_Exercise_
Each line of the listing, apart from the pictures, is to be printed exactly.

☆ ☆ ☆ ☆ ☆ ☆ ☆

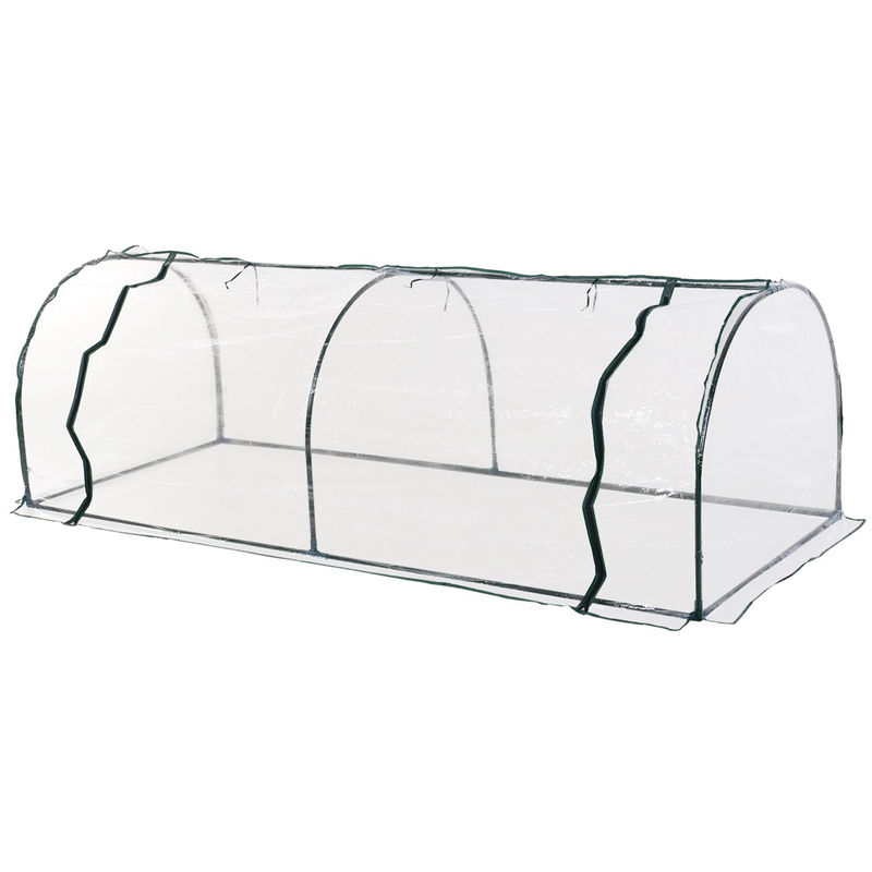 Outsunny Serre de Jardin Tunnel Mini Serre Tunnel Serre à tomates 2L x 1l x 0,8H m Grande Porte zippée bâche Plastique Transparent métal époxy Vert
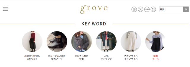 2026年grove(グローブ)福袋の中身・ネタバレ画像についてはわかり次第追記。
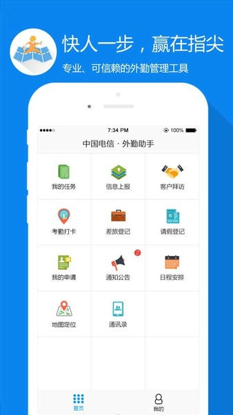 外勤助手是中国电信官方打造的外勤管理软件,支持员工工作上报、考勤签到、客户拜访、实时任务获取等多种操作,对于提升工作效率非常有帮助。外勤助手可以节省企业运营成本,欢迎下载使用。
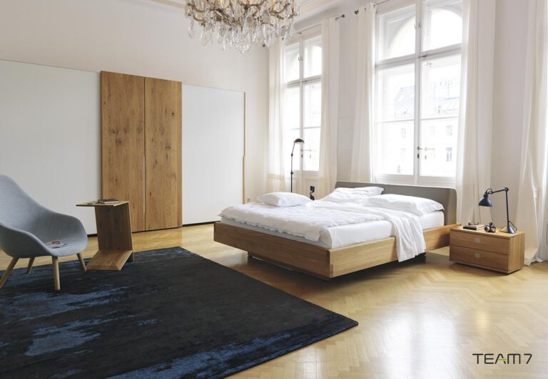 Die Betten überzeugen nicht nur durch ihre Langlebigkeit und Stabilität, sondern auch durch die wohltuende Ausstrahlung des Naturmaterials. Jedes Bett ist ein Unikat, dessen individuelle Holzmaserung für ein warmes und harmonisches Ambiente sorgt. Egal ob minimalistisch, modern oder klassisch – TEAM 7-Betten passen sich Ihrem Wohnstil an.
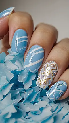 These nails are seriously dreamy! Imagine strolling through a field of pastel blue flowers (like those gorgeous hydrangeas!), and BAM! Your nails match the scene perfectly. The soft blue and white stripes are like a cool breeze on a summer day, and that one nail with the gold accents? It’s like a little sunshine sneaking through the clouds. Totally “soft winter nails” vibes, but with a spring-like twist that’s totally Instagram-worthy.
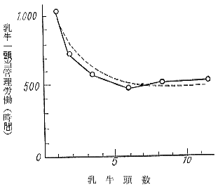 9)穀菽経営より有畜経営へ組織転換による農業総投下労働は、(A)農家は8専時間内外と大差が認められなかったが、(B)農家は4割増の6.4千時間と増大している。併し、部門別投下労働は畑作部門から有畜部門の労働の質的変化が認められている。叉(A)農家の乳牛頭数と1頭当乳牛管理労働(飼育+搾乳)との関係をみると、乳牛規模が小さい場合には、1頭当管理労働は多くかかる傾向にあるが、6頭以上は約500時間とほぼ一定である。この事は将来多頭化の方向をとり、稼働力に限界がある際には乳牛頭数が規制される原因となる。
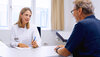 PD Dr. Elisabeth Schorb klärt einen Patienten über die Teilnahme an einer klinischen Studie auf.
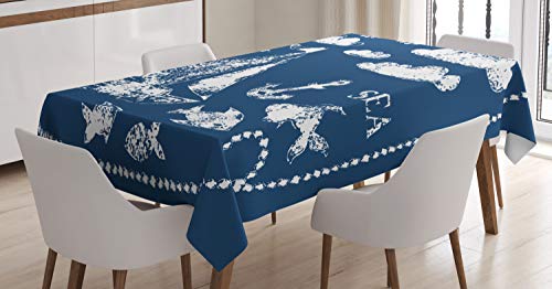 ABAKUHAUS Blu Navy Tovaglia, Barca Nubi Anchor, Rettangolare per Sala da Pranzo e Cucina, 140 cm x 170 cm, Navy White
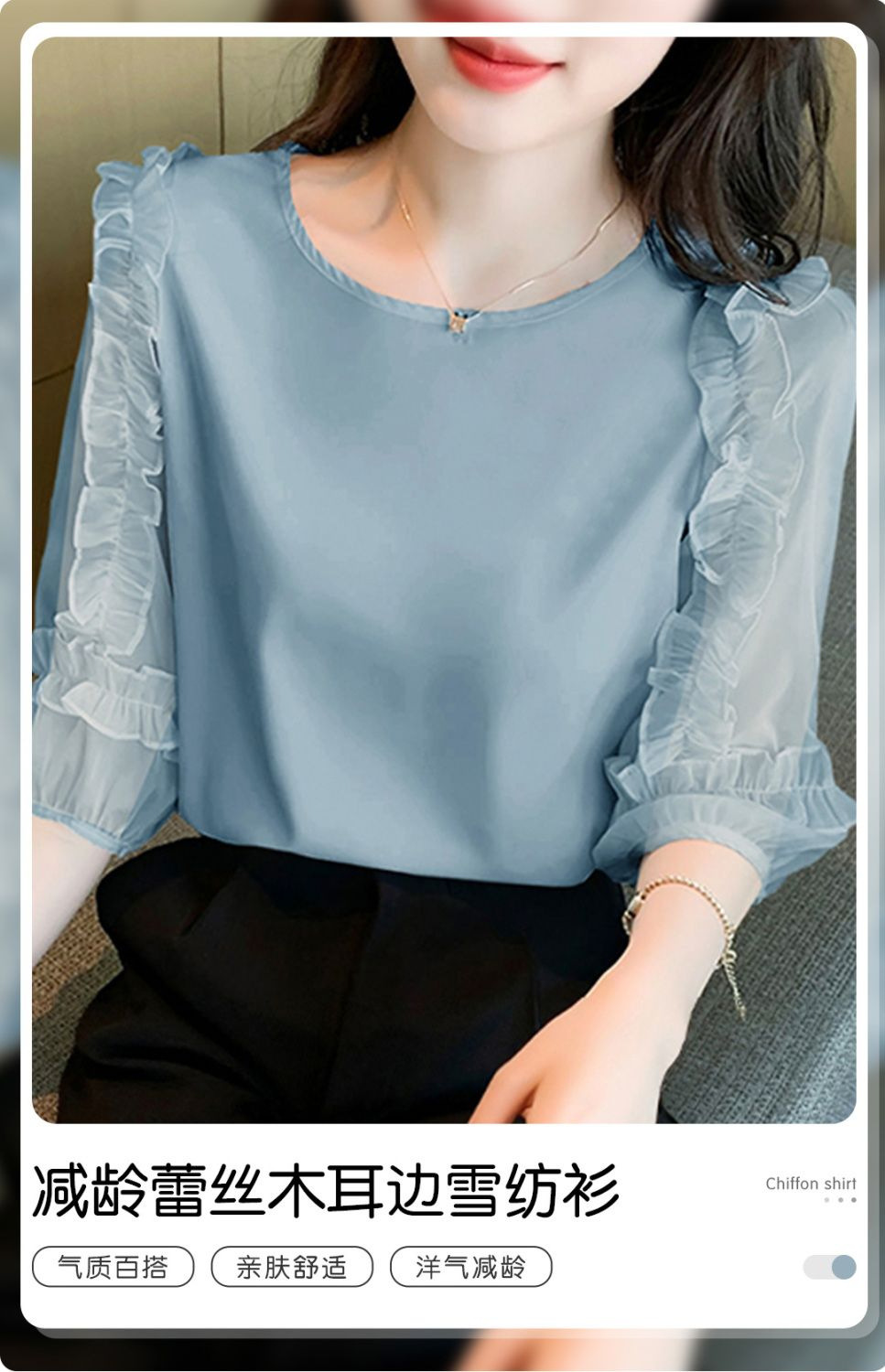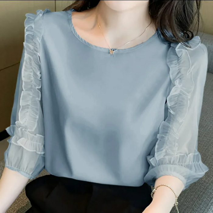 ふんわりと風をまとうような、軽やかなシフォン素材のブラウスです。
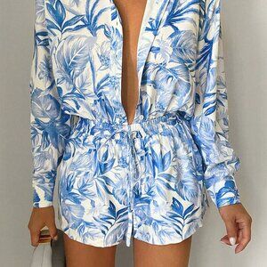 Blue Boho Women's Vacation Floral Print Long Sleeve Shirt And Shorts Set
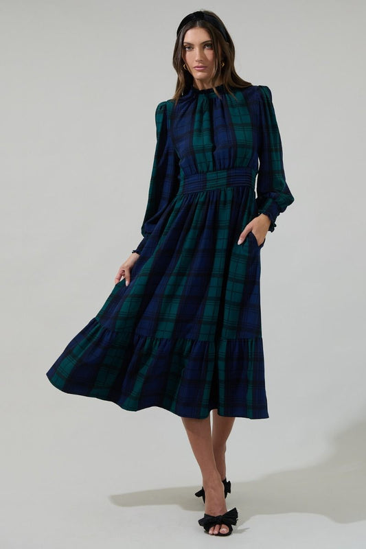Hudson Plaid Caitlyn Smock Sleeve Midi Dress
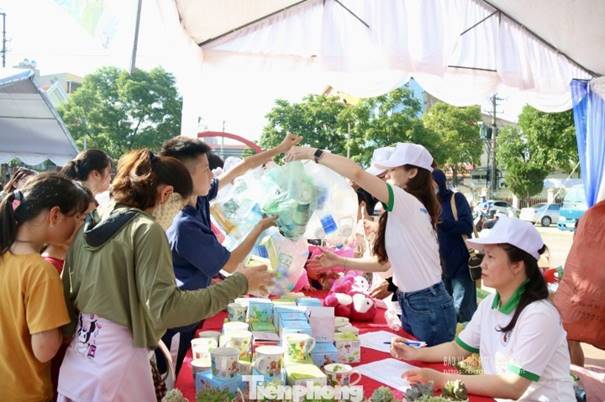 Tại khuôn viên một trường học ở thành phố Lạng Sơn, hàng trăm học sinh và người dân háo hức mang theo vỏ chai nhựa, lon nước, túi nilon... để đổi lấy những món quà nhỏ như cây xanh, sổ tay tái chế, túi vải, bình nước inox. Chỉ trong buổi sáng, hàng chục kg rác thải nhựa đã được thu gom.
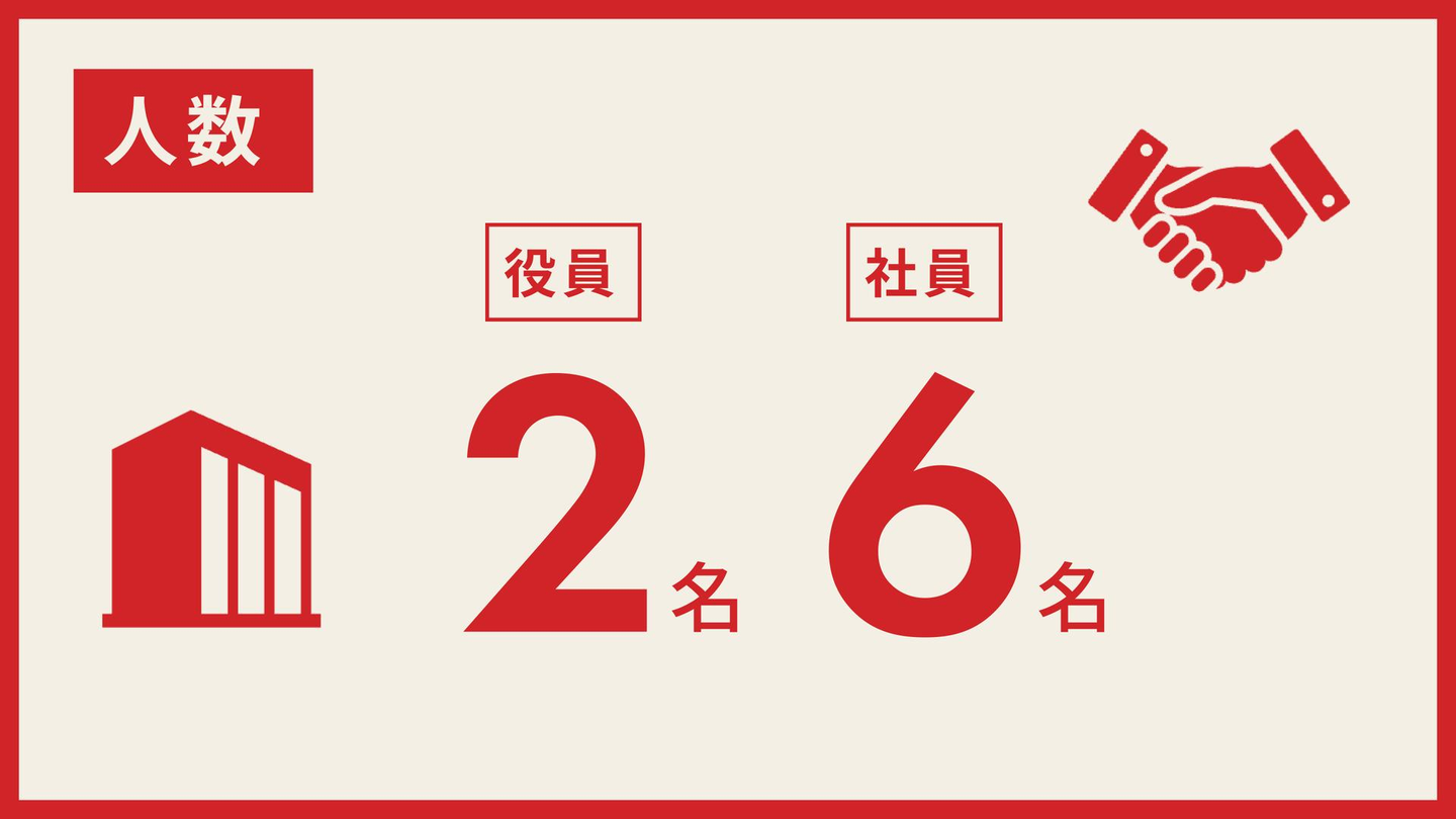 役員/社員数は、現在8名!少数精鋭でやってます!ちなみに、パートメンバーは5名ほど!
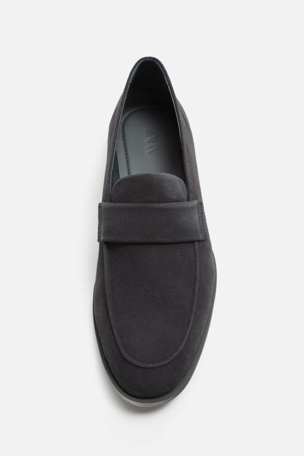 Mocasín de antifaz. Parte superior fabricada en piel con acabado serraje. Corte liso con detalle de bordón.
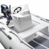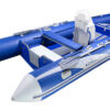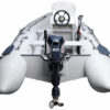 Лодка РИБ Адмирал 410 подойдет под мотор мощностью до 40 л.с. Поставляется в комплекте с носовым и кормовым рундуками, в которых можно разместить необходимое снаряжение, а также с удобной консолью, позволяющей установить штурвал для управления судном и включающей в себя дополнительное место для пассажиров на борту. Вместимость — 5 человек. Корпус модели 410 полностью выполнен из стеклопластика, баллоны лодки надувные и разделены на 5 герметичных отсеков, повышающих безопасность и плавучесть судна.
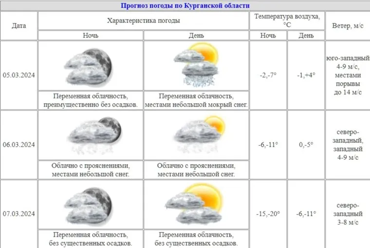 «Днем 5 марта в Курганской области будет от -1 до +4 градусов. Ожидается юго-западный ветер с порывами до 14 м/с, переменная облачность и небольшой мокрый снег. Ночью 6 марта будет от 6 до 11 градусов ниже нуля. Днем от 0 до -5. Весь день будет облачно с прояснениями, местами возможен небольшой снег при северо-западном и западном ветре 4-9 м/с. Ночью 7 марта вероятно похолодание до -20 градусов», — указано на сайте ЦГМС.
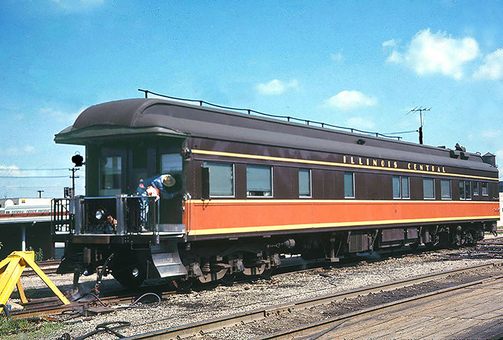 IC No 1, "City of New Orleans" is southbound on Track 10 at Central Station with flat ended "Club-Lounge Observation" car, either 3377 or 3378, on rear. Both of these Observation cars would eventually be acquired by Iowa Pacific and survive in present day.
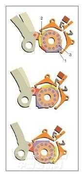 該裝置是 1款通用型積極式旋轉(zhuǎn)多臂裝置,適用于劍桿、噴氣或片梭織機(jī)。其工作原理如下圖所示。
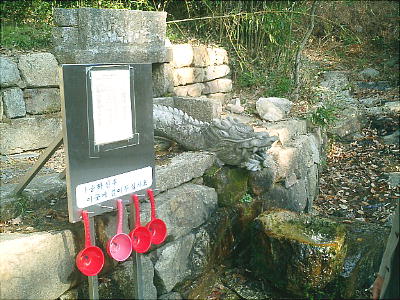 博士が呑んだとされる聖泉と、そこから流れる小川。(また、名前を忘れた。最近もの忘れが多いなぁ。)
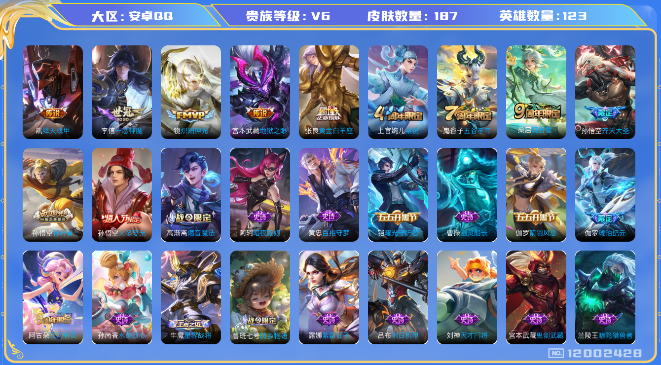 [12002428]V6 7传说 123英雄 187皮肤 可修改实名 优质装备:绛天战甲(鸡嘴战神),黄金白羊座,炽阳神光,一念神魔,地狱之眼 珍宝阁皮:胡桃夹子 限定皮:鸣野蒿,齐天大圣,五谷丰年,梁祝,孙行者,大圣娶亲 史诗皮:星界战将,琥珀纪元伽罗,蔬乡物语(鲁班七号),百相守梦-黄忠,紫霞仙子,江河有灵,百解令(蒙犽),高渐离燃音魔法,暗夜猫娘,龙骑士(小龙虾),末日机甲-吕布,女仆咖啡,摇滚巨星,水果甜心,天才门将,心灵骇客,功夫厨神,暗隐猎兽者,幽灵船长,鬼剑武藏,纤云弄巧,拒霜思,水晶猎龙者,曙光守护者,箭羽风息,金属风暴,原初追逐者,圣诞恋歌,鹰眼统帅,魅力维加斯
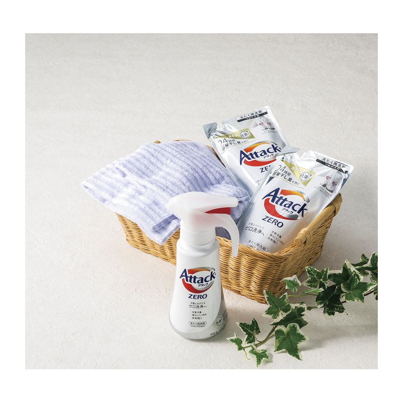片手で簡単ワンプッシュ、量の調整自由自在。花王アタックゼロ ワンハンドを中心に詰め合わせた洗剤ギフトセットです。落ちにくい汚れ0へ化学繊維を汚れが落ちやすい繊維に変えます。生乾き臭0へ。抗菌に加えてニオイ代謝を制御、気になる部屋干し臭を防ぎます。洗剤残り0へ余分な洗剤が残らない植物由来のバイオIOSを配合しました。手に持って、プッシュするだけ。誰でもかんたん計量。
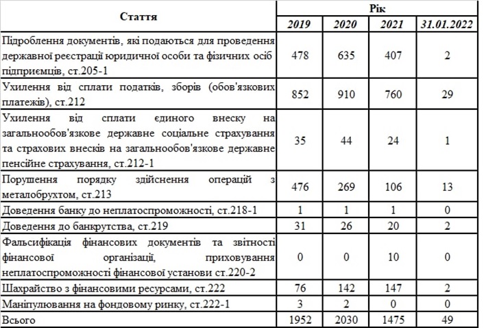 Аналіз злочинів на підприємствах в Україні(2019-січень 2022рр)

☆ ☆ ☆ ☆ ☆ ☆ ☆

_Exercise solution_
 Outsunny Serre de Jardin Tunnel Mini Serre Tunnel Serre à tomates 2L x 1l x 0,8H m Grande Porte zippée bâche Plastique Transparent métal époxy Vert
 2026年grove(グローブ)福袋の中身・ネタバレ画像についてはわかり次第追記。
 外勤助手是中国电信官方打造的外勤管理软件,支持员工工作上报、考勤签到、客户拜访、实时任务获取等多种操作,对于提升工作效率非常有帮助。外勤助手可以节省企业运营成本,欢迎下载使用。
 Die Betten überzeugen nicht nur durch ihre Langlebigkeit und Stabilität, sondern auch durch die wohltuende Ausstrahlung des Naturmaterials. Jedes Bett ist ein Unikat, dessen individuelle Holzmaserung für ein warmes und harmonisches Ambiente sorgt. Egal ob minimalistisch, modern oder klassisch – TEAM 7-Betten passen sich Ihrem Wohnstil an.
 These nails are seriously dreamy! Imagine strolling through a field of pastel blue flowers (like those gorgeous hydrangeas!), and BAM! Your nails match the scene perfectly. The soft blue and white stripes are like a cool breeze on a summer day, and that one nail with the gold accents? It’s like a little sunshine sneaking through the clouds. Totally “soft winter nails” vibes, but with a spring-like twist that’s totally Instagram-worthy.
 9)穀菽経営より有畜経営へ組織転換による農業総投下労働は、(A)農家は8専時間内外と大差が認められなかったが、(B)農家は4割増の6.4千時間と増大している。併し、部門別投下労働は畑作部門から有畜部門の労働の質的変化が認められている。叉(A)農家の乳牛頭数と1頭当乳牛管理労働(飼育+搾乳)との関係をみると、乳牛規模が小さい場合には、1頭当管理労働は多くかかる傾向にあるが、6頭以上は約500時間とほぼ一定である。この事は将来多頭化の方向をとり、稼働力に限界がある際には乳牛頭数が規制される原因となる。
 PD Dr. Elisabeth Schorb klärt einen Patienten über die Teilnahme an einer klinischen Studie auf.
 ABAKUHAUS Blu Navy Tovaglia, Barca Nubi Anchor, Rettangolare per Sala da Pranzo e Cucina, 140 cm x 170 cm, Navy White
 ふんわりと風をまとうような、軽やかなシフォン素材のブラウスです。
 Blue Boho Women's Vacation Floral Print Long Sleeve Shirt And Shorts Set
Hudson Plaid Caitlyn Smock Sleeve Midi Dress
 Tại khuôn viên một trường học ở thành phố Lạng Sơn, hàng trăm học sinh và người dân háo hức mang theo vỏ chai nhựa, lon nước, túi nilon... để đổi lấy những món quà nhỏ như cây xanh, sổ tay tái chế, túi vải, bình nước inox. Chỉ trong buổi sáng, hàng chục kg rác thải nhựa đã được thu gom.
 役員/社員数は、現在8名!少数精鋭でやってます!ちなみに、パートメンバーは5名ほど!
 Mocasín de antifaz. Parte superior fabricada en piel con acabado serraje. Corte liso con detalle de bordón.
 Лодка РИБ Адмирал 410 подойдет под мотор мощностью до 40 л.с. Поставляется в комплекте с носовым и кормовым рундуками, в которых можно разместить необходимое снаряжение, а также с удобной консолью, позволяющей установить штурвал для управления судном и включающей в себя дополнительное место для пассажиров на борту. Вместимость — 5 человек. Корпус модели 410 полностью выполнен из стеклопластика, баллоны лодки надувные и разделены на 5 герметичных отсеков, повышающих безопасность и плавучесть судна.
 «Днем 5 марта в Курганской области будет от -1 до +4 градусов. Ожидается юго-западный ветер с порывами до 14 м/с, переменная облачность и небольшой мокрый снег. Ночью 6 марта будет от 6 до 11 градусов ниже нуля. Днем от 0 до -5. Весь день будет облачно с прояснениями, местами возможен небольшой снег при северо-западном и западном ветре 4-9 м/с. Ночью 7 марта вероятно похолодание до -20 градусов», — указано на сайте ЦГМС.
 IC No 1, "City of New Orleans" is southbound on Track 10 at Central Station with flat ended "Club-Lounge Observation" car, either 3377 or 3378, on rear. Both of these Observation cars would eventually be acquired by Iowa Pacific and survive in present day.
 該裝置是 1款通用型積極式旋轉(zhuǎn)多臂裝置,適用于劍桿、噴氣或片梭織機(jī)。其工作原理如下圖所示。
 博士が呑んだとされる聖泉と、そこから流れる小川。(また、名前を忘れた。最近もの忘れが多いなぁ。)
 [12002428]V6 7传说 123英雄 187皮肤 可修改实名 优质装备:绛天战甲(鸡嘴战神),黄金白羊座,炽阳神光,一念神魔,地狱之眼 珍宝阁皮:胡桃夹子 限定皮:鸣野蒿,齐天大圣,五谷丰年,梁祝,孙行者,大圣娶亲 史诗皮:星界战将,琥珀纪元伽罗,蔬乡物语(鲁班七号),百相守梦-黄忠,紫霞仙子,江河有灵,百解令(蒙犽),高渐离燃音魔法,暗夜猫娘,龙骑士(小龙虾),末日机甲-吕布,女仆咖啡,摇滚巨星,水果甜心,天才门将,心灵骇客,功夫厨神,暗隐猎兽者,幽灵船长,鬼剑武藏,纤云弄巧,拒霜思,水晶猎龙者,曙光守护者,箭羽风息,金属风暴,原初追逐者,圣诞恋歌,鹰眼统帅,魅力维加斯
片手で簡単ワンプッシュ、量の調整自由自在。花王アタックゼロ ワンハンドを中心に詰め合わせた洗剤ギフトセットです。落ちにくい汚れ0へ化学繊維を汚れが落ちやすい繊維に変えます。生乾き臭0へ。抗菌に加えてニオイ代謝を制御、気になる部屋干し臭を防ぎます。洗剤残り0へ余分な洗剤が残らない植物由来のバイオIOSを配合しました。手に持って、プッシュするだけ。誰でもかんたん計量。
 Аналіз злочинів на підприємствах в Україні(2019-січень 2022рр)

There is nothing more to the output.